Es como si alguien menor de cincuenta años quisiera leer hoy una columna publicada hace medio siglo, entonces fácil de entender porque trataba algo fresco, obvio para aquel instante, pero que en la actualidad lo deja en babia. Valió únicamente como crónica oportuna, aunque efímera, de un día o de una cotidianidad política, social, económica, inclusive costumbrista o de hábitos de vida personal, ya totalmente ajena a nuestros tiempos. La fugacidad como pecado original de la comunicación periodística.
Pongo un ejemplo personal. En la primera mitad de los años setenta yo era un chavo universitario cuando el presidente de la república repetía hasta el hartazgo (y por supuesto, su dicho lo glosaban las páginas editoriales y columnas de opinión) aquella patochada de “emisarios del pasado”. ¿A quiénes dirigía tal invectiva el presidente? Quizá un miembro del club de la tercera edad (traducción: un vetarro como su servilleta), si es que comprendió cómo se manejaba entonces el mundillo político, podría responderles a los chavos que ahora se lo preguntaran.
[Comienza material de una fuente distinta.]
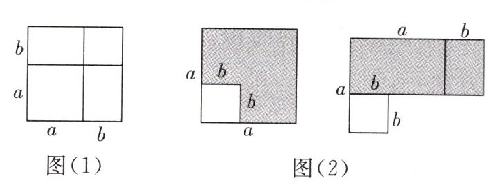 3. (1)课本再现:图(1)、图(2)应用“等积法”验证了乘法公式,是“数形结合”的典型实例。图(1)验证的是$\underline{\quad\quad}$;图(2)验证的是$\underline{\quad\quad}$。
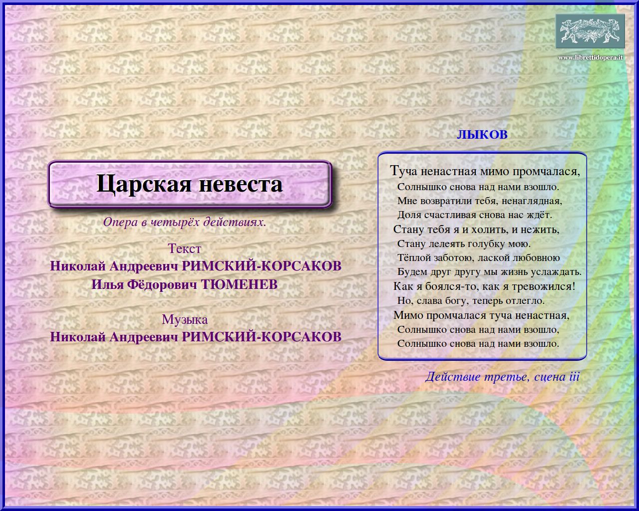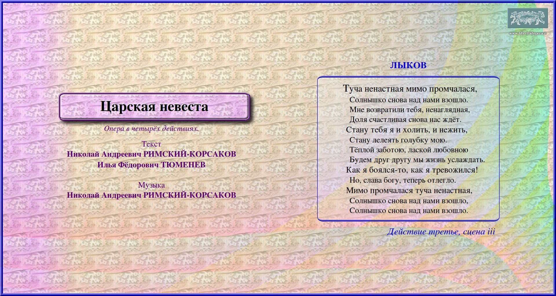 Снаряжай скорей, матушка родимая В Новгороде мы рядом с Ваней жили Туча ненастная мимо промчалася Иван Сергеич, хочешь в сад пойдём?
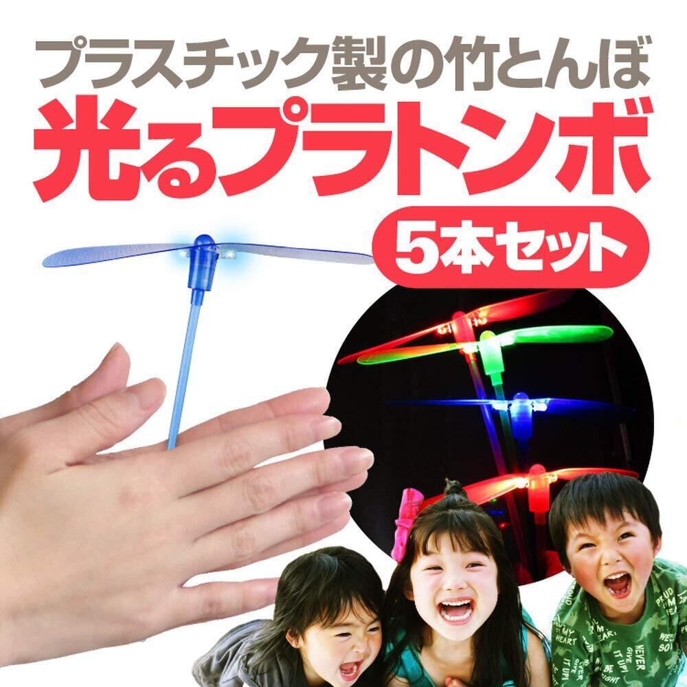 lifepower 光るプラトンボ お得な5本セット プラスチック製竹とんぼ LEDライト付き お祭り/縁日/キャンプ/アウトドア/各種リクリエーション等にも LEDプラコプター 5本色ランダム出荷
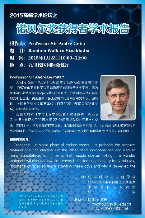 周祚万教授邀请,Andre Geim爵士教授将于2015年1月22-24日到访我校并开展学术交流。23日上午,学校将举行隆重仪式,徐飞校长将亲自为Sir Andre Geim博士颁发我校名誉教授聘书,Professor Sir Andre Geim将为全校师生作精彩的学术报告,欢迎参加。
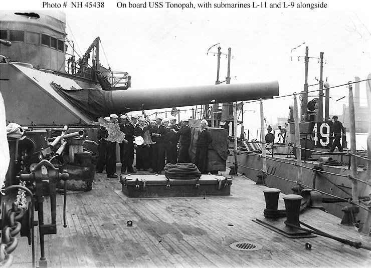 699k | Tonopah (M-8) with 2 submarines alongside in Galveston, Texas, August 1912. The submarine on the left is an E-boat (SS-24 /25), boat to the right is D-1 (SS-17). There are two unknown boats behind them. | Photo i.d. courtesy of Ric Hedmen. Photographer: Paul Verkin. National Archives Identifier: 45513822 Local Identifier: 165-WW-338B-64. Photo courtesy of catalog.archives.gov | ||||||||||||||||||||||||||||||||||||||||||||||||||||||||
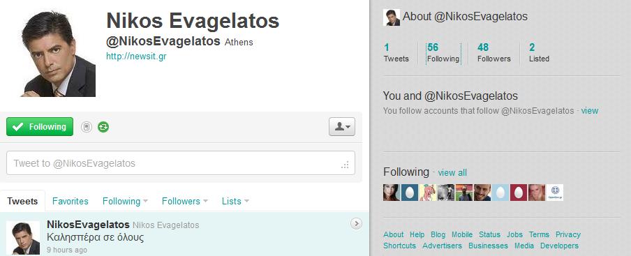 ο Νίκος Ευαγγελάτος έκανε πρωτίστως follow to site του και μετά από 3, 4 άτομα την γυναίκα του Τατιάνα…Ποιός τη είδε την τσαούσα παρουσιάστρια μετά και δεν την φοβήθηκε. Και δείτε…Για του λόγου το αληθές έχουμε και την εικόνα απο το πρώτο του twit…Έτσι Νίκο…Κάνε την επανάσταση σου…αλλά το νού σου…Η σύζυγος δεν ξεχνάει ποτέ…
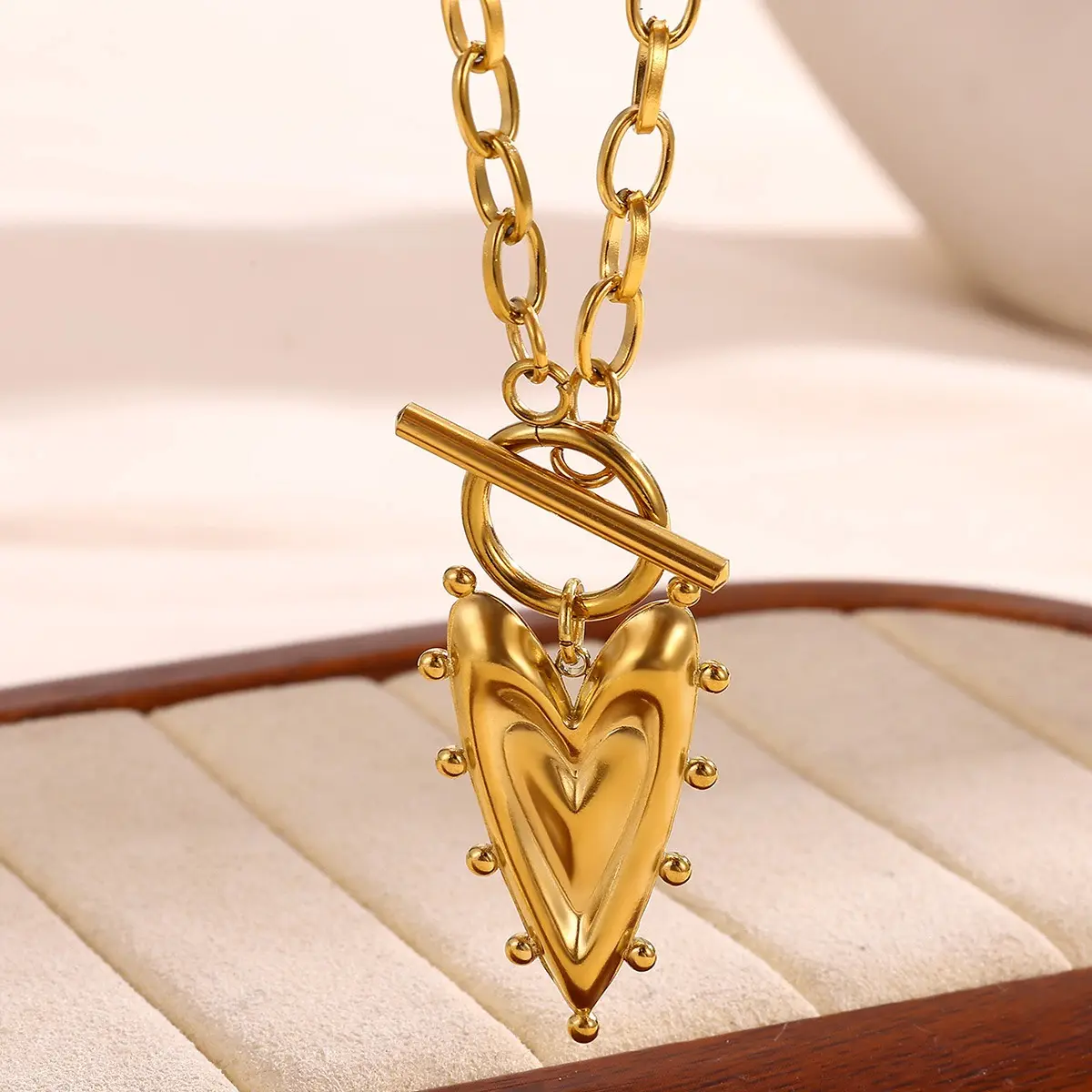 The "Gilded Layered Hearts" Toggle Necklace reimagines romantic symbolism through a vintage-inspired, substantial design. Featuring a three-dimensional, double-layered heart pendant—delicately edged with fine spherical beads—it is paired with a bold, chunky chain and a classic toggle clasp. This piece strikes a perfect balance between strength and softness, exuding an effortlessly chic yet bold aura that makes it an eye-catching statement accessory suitable for both daily wear and special occasions.
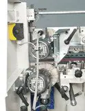 -wstępne frezy przygotowują krawędź płyty do klejenia, redukując nierówności po podcinaczu i zmniejszają zużycie kleju. Okleiniarka standardowo wyposażona w diamentowe frezy o średnicy 80mm H=56mm,pozawalające zebrać do 2mm materiału.
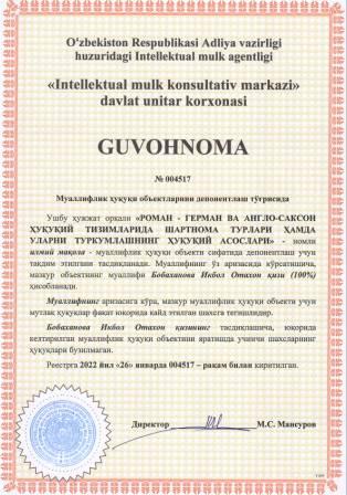 | 5582 | №004517 | Илмий мақола - "РОМАН - ГЕРМАН ВА АНГЛО-САКСОН ҲУҚУҚИЙ ТИЗИМЛАРИДА ШАРТНОМА ТУРЛАРИ ҲАМДА УЛАРНИ ТУРКУМЛАШНИНГ ҲУҚУҚИЙ АСОСЛАРИ" | Бобаханова Икбол Отахон қизи (100%) | Бобаханова Икбол Отахон қизи | 01/26/2022 | ![]() |
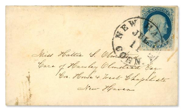 1852, 1¢ blue, type IV (Scott 9), Refief A tied by 'New Haven, Conn, JUL 11' on locally sent Ladies Cover., Very Fine, with 2025 P.F. certificate. Scott $120. (Image)
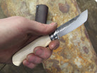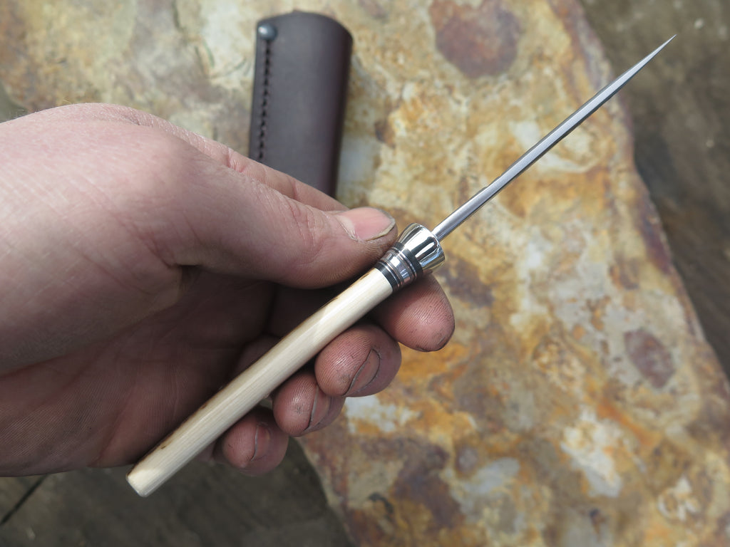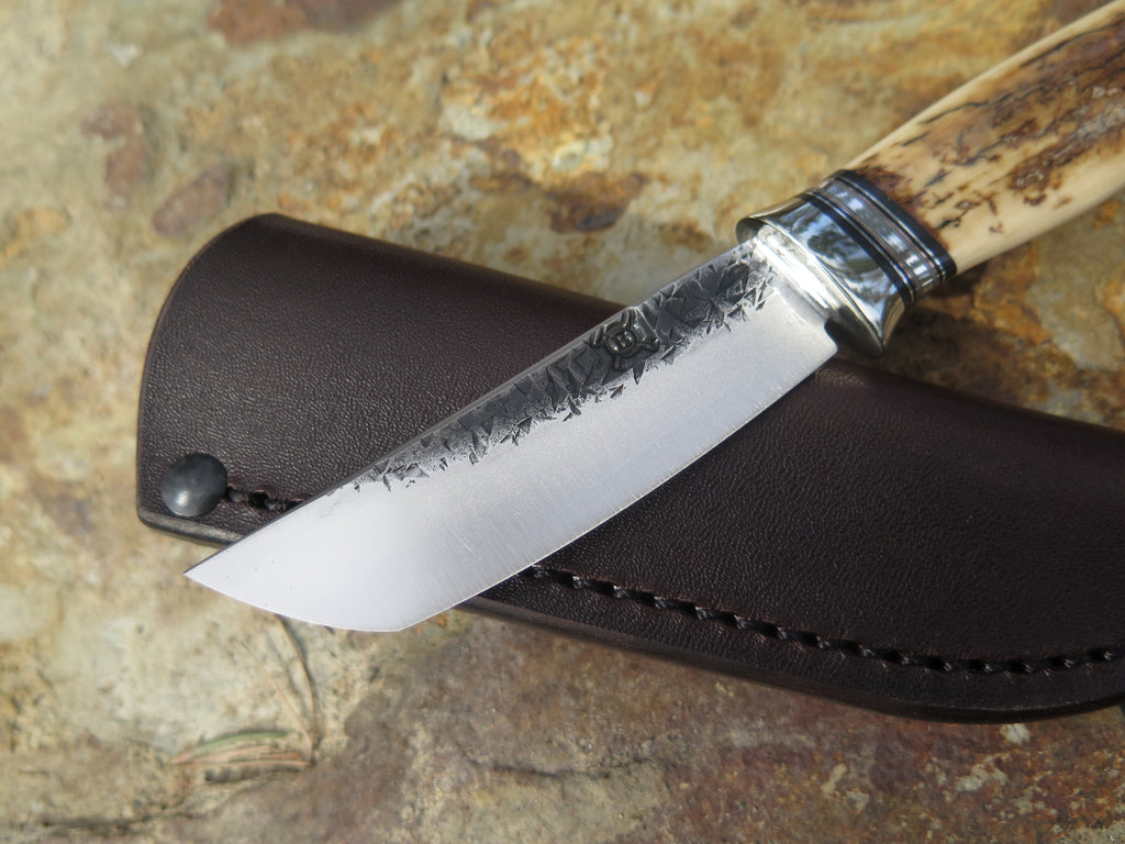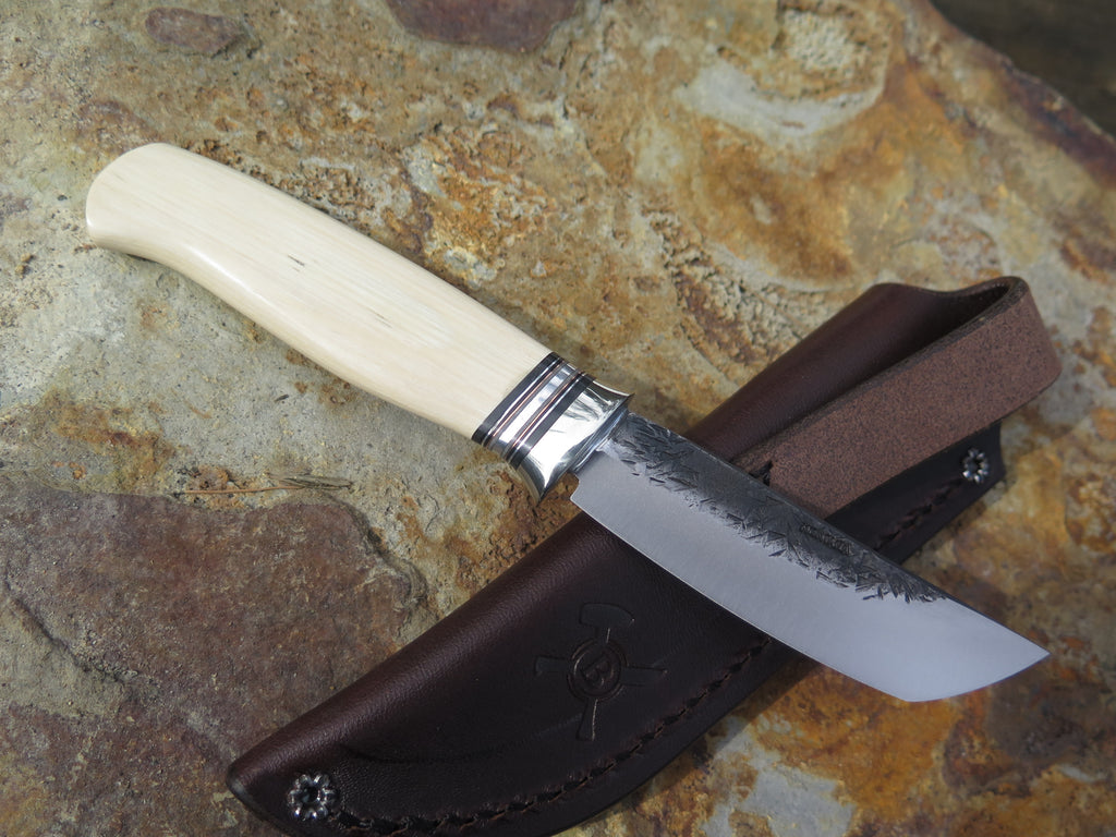 This awesome new Pocket Tanto from Behring Made© is hand forged from 1/8" thick high carbon 01 tool steel and it measures 3 1/4" from tip to guard with a razor sharp hollow grind and our hammermark finish. The nickel silver guard is soldered in place above black and grey fiber, copper and aluminum spacers as well as an astounding handle fashioned from an ancient mammoth ivory tusk. The overall length measures 6 7/8" and it comes in a classic leather belt pouch sheath, though substitutions can be made upon request.

¿Pasará lo mismo en el futuro con otros conceptos de uso y abuso reciente, reflejados en la prensa? ¿Les dirán algo a nuestros nietos? ¿Les ayudarán a contextualizarnos como los mexicanos en sociedad que fuimos sus abuelos en 2024?… Lo dudo. Y yo ya no estaré para aclararles con qué se comía aquello de, por ejemplo, las mentadas “mañaneras”.
Ustedes perdonarán que con frecuencia recurra a Chava Flores para sustentar mis artículos, pero el señor era un genio en materia de ocurrencias verbales. Y como muestra va el siguiente botón, a propósito del choro que por fin terminé de soltar: “Ya ven, ¿Quién les manda haber nacido tarde? Tiene uno que explicárselos todo.”